((

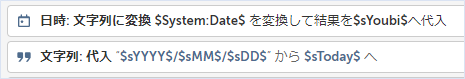 今回は事前に取得した「日付」と「曜日」の変数を設定しました。
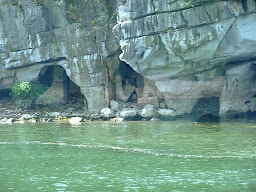 The passing scenery began to demand attention, with karst hills jutting up at odd angles and looking unlike any place I'd been before. Sheets of undulating rock jutted out from the base of many hills where softer minerals had eroded away forming odd shapes that reached right into the water and there were small caves scattered everywhere, making it look like the hills were melting into the river -- which, in hindsight, was exactly what they were doing!
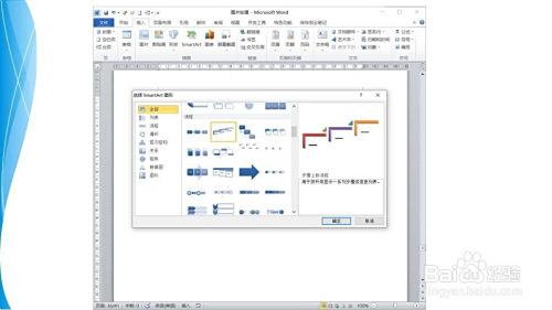 点击插入选项卡——插图组——SmartArt按钮。在跳出的对话框架中选择步调上移流程图图。
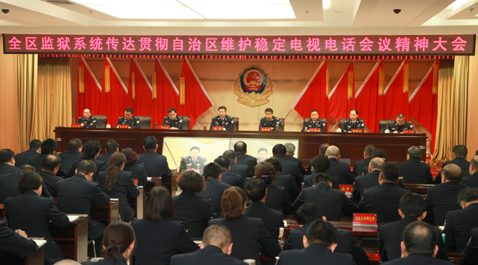 2017年1月8日上午,新疆监狱管理局召开全区监狱系统干部大会(视频),迅速传达贯彻自治区维护稳定工作电视电话会议精神,安排部署监狱安全稳定工作。
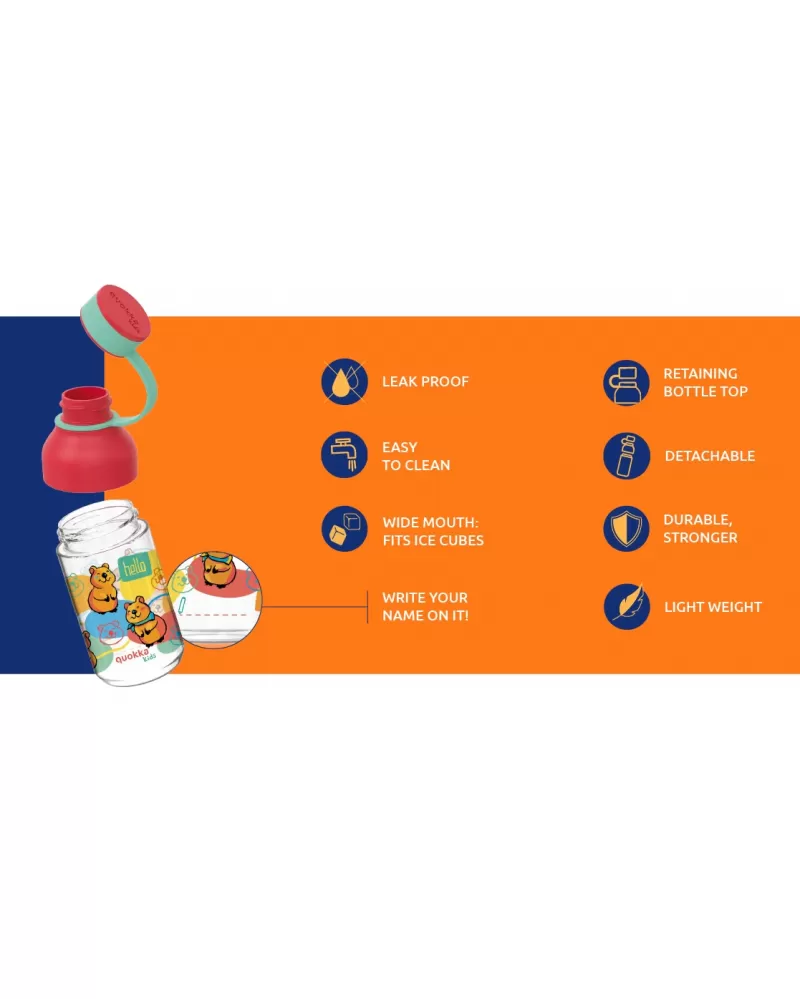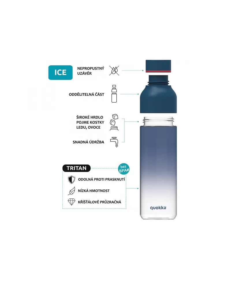 Dětská láhev Quokka Ice Kids s dvojitým otevíráním umožňuje vložení kostek ledu či kousků ovoce a zároveň se snadno čistí. 100% těsnicí, šroubovací uzávěry chrání obsah láhve před vylitím. Poutko usnadňuje přenášení a zároveň chrání uzávěr před ztracením.
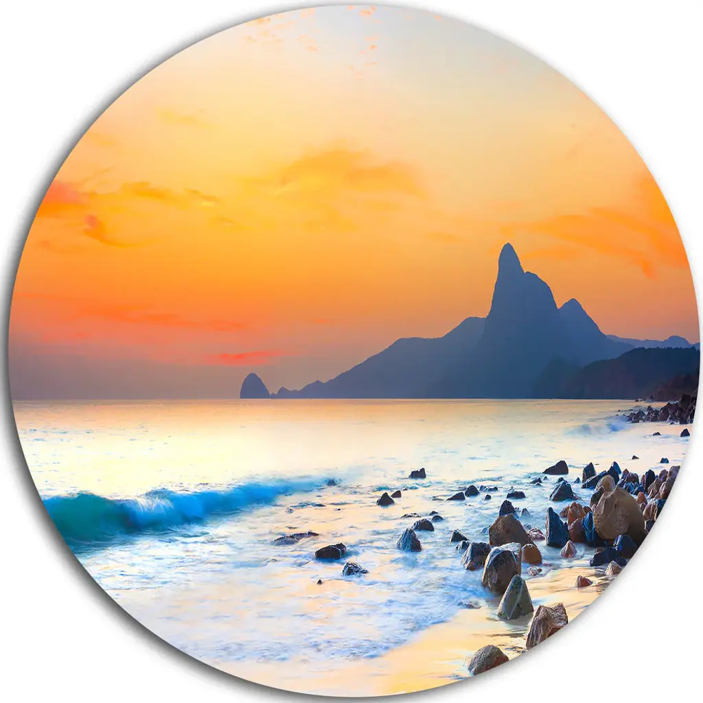 Bring Contemporary Abstraction to your home with this large Circle Metal wall art. This Colorful Seashore with Rocky Beach Metal Artwork makes it the focal point of any room or office. - White Gloss Coating ensures colors are extra vibrant with light reflection.- Aluminum grade Sheet Metal with 1 inch mounting frame on the back giving the illusion that the artwork is floating on the wall..- Mounting Brackets are included along with instructions.- High Quality Digital images are created directly into a glossy aluminum panel producing a stunning and captivating print into the glossy finish of the metal.- Water, Fire and Scratch resistant HD Aluminum panels.- Looks better than any photo paper and guaranteed to last at least 20 years- Easy to clean with a microfiber cloth. Colors are far superior to regular Canvas Art. - Easy to Hang

))

HOW TO COMPLETE THIS TASK:
For the data above, set down exactly the lines from the line with "2017年1月8日上午,新疆" to the line with "Dětská láhev Quokka", both included, leaving pictures out.

ANSWER BOX:
 2017年1月8日上午,新疆监狱管理局召开全区监狱系统干部大会(视频),迅速传达贯彻自治区维护稳定工作电视电话会议精神,安排部署监狱安全稳定工作。
 Dětská láhev Quokka Ice Kids s dvojitým otevíráním umožňuje vložení kostek ledu či kousků ovoce a zároveň se snadno čistí. 100% těsnicí, šroubovací uzávěry chrání obsah láhve před vylitím. Poutko usnadňuje přenášení a zároveň chrání uzávěr před ztracením.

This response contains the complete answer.